▶ [Goal of the exercise]: Each line from the one holding "مصباح الحائط الشمسي" to the last line below must be restated word for word, and no picture may be included.

** Data extracts follows **

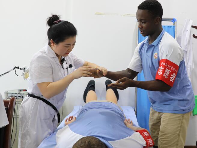 到达华孝颐养居后,其经理用英语向美国学生介绍了在此居住的老人情况,以及该敬老院的特点。随后美国学生来到推拿室学习推拿,在此由中医推拿医生讲解中医推拿的相关知识,如中医推拿的历史,推拿的作用等,教会学生认识肩颈背的重要穴位;然后中医推拿医生就推拿做简单讲解、实际操作;最后,学生在理疗推拿医生的指导下,两两学习,互相推拿。
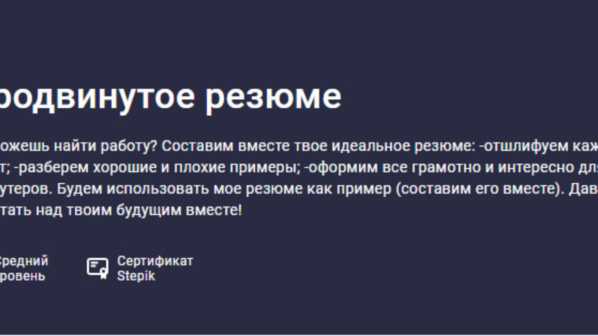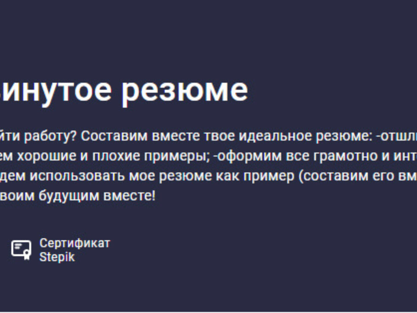 Владимир Петухов «Продвинутое резюме» — Stepik слив скачать
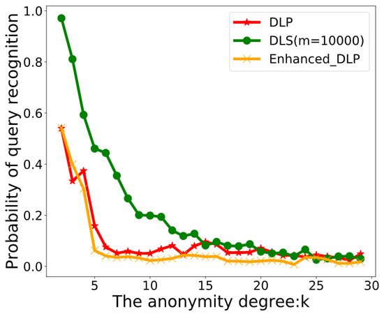 Figure 5 illustrates the probability of query recognition under an ADLS attack for three different scheme. As the value of k increases, the probability of query recognition of three schemes is gradually reduced, which indicates that it is more difficult to get the user’s real location from the anonymous set. The DLS scheme has the highest probability of query recognition under the same attack. The reason is that once the history query probabilities of two locations are different in the DLS scheme, their chosen optimal dummy location sets must be different. In this property, an adversary can easily identify the user’s real location from an anonymous set. We can also see that the probability of query recognition of the Enhanced-DLP and the DLP scheme is the lowest. Although the query recognition probability of the DLP scheme decreases with the increase of k, the probability of query recognition is still higher than that of the Enhanced-DLP scheme. Moreover, the probability of query recognition of the Enhanced-DLP is 33.63% lower than that of the DLP scheme. The probability of query recognition of the Enhanced-DLP scheme does not vary much with the increase of anonymity degree k. This is because the Enhanced-DLP scheme adopts an enhanced greedy scheme to successfully select dummy locations which ensures the entropy of the current anonymous set is the largest, while the DLP scheme adopts the greedy scheme to select dummy locations using the enumeration scheme from the candidate set. This is vulnerable to privacy breaches from ADLS attacks and requires more time to generate anonymous sets.
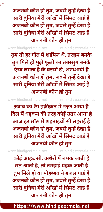 Lyrics of Ajanabi Kaun Ho Tum, Jabase Tumhen Dekhaa Hai - अजनबी कौन हो तुम, जबसे तुम्हें देखा है
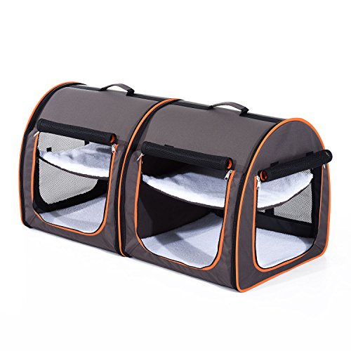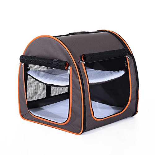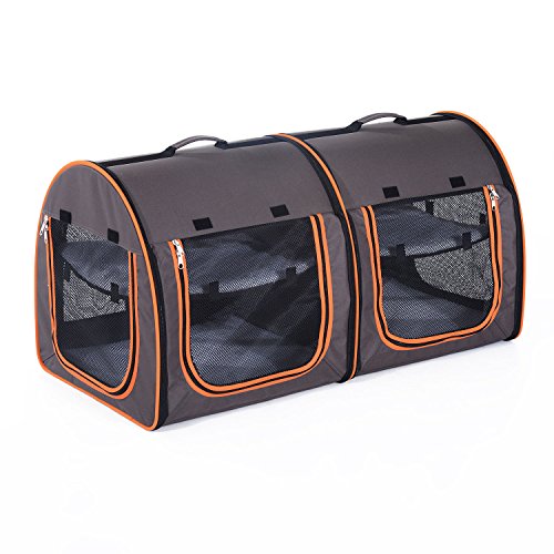 Features: ? Great for indoor/outdoor enjoyment or using as a show shelter ? Ideal for cats and puppies ? 2 hammocks and 2 padded mats are included for extra entertainment and comforts ? Lightweight, compact and portable ? Durable and high quality with oxford material ? 2 pet carriers that combined with zippers ? With carrying handle for easy transportation ? Built-in straps allow safe connection to the car seatbelt ? Cushion and hammock are included (hammock can be removable and washable) ? Easy assembly required
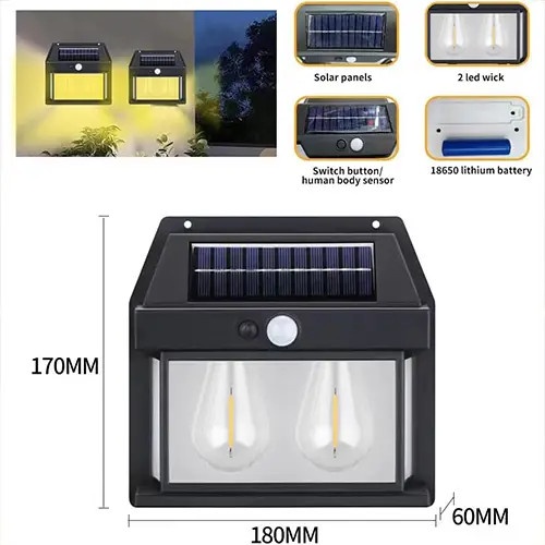 مصباح الحائط الشمسي BK-888-2 هو الحل الذكي لإنارة الفناء، الحديقة، السطح، والمداخل بكل أمان وكفاءة.
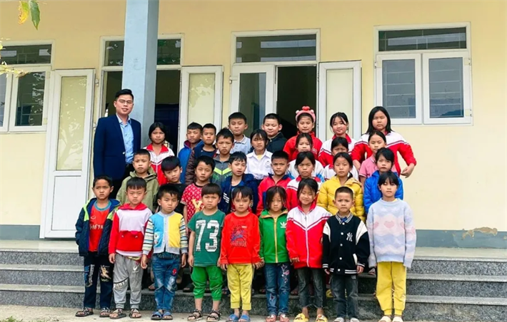 Thầy giáo Cầm Bá Can và những học sinh của mình ở điểm trường bản Lìn, xã Trung Lý, huyện Mường Lát (Thanh Hóa)

** End of Data extracts **

▶ [Answer to this task]:
 مصباح الحائط الشمسي BK-888-2 هو الحل الذكي لإنارة الفناء، الحديقة، السطح، والمداخل بكل أمان وكفاءة.
 Thầy giáo Cầm Bá Can và những học sinh của mình ở điểm trường bản Lìn, xã Trung Lý, huyện Mường Lát (Thanh Hóa)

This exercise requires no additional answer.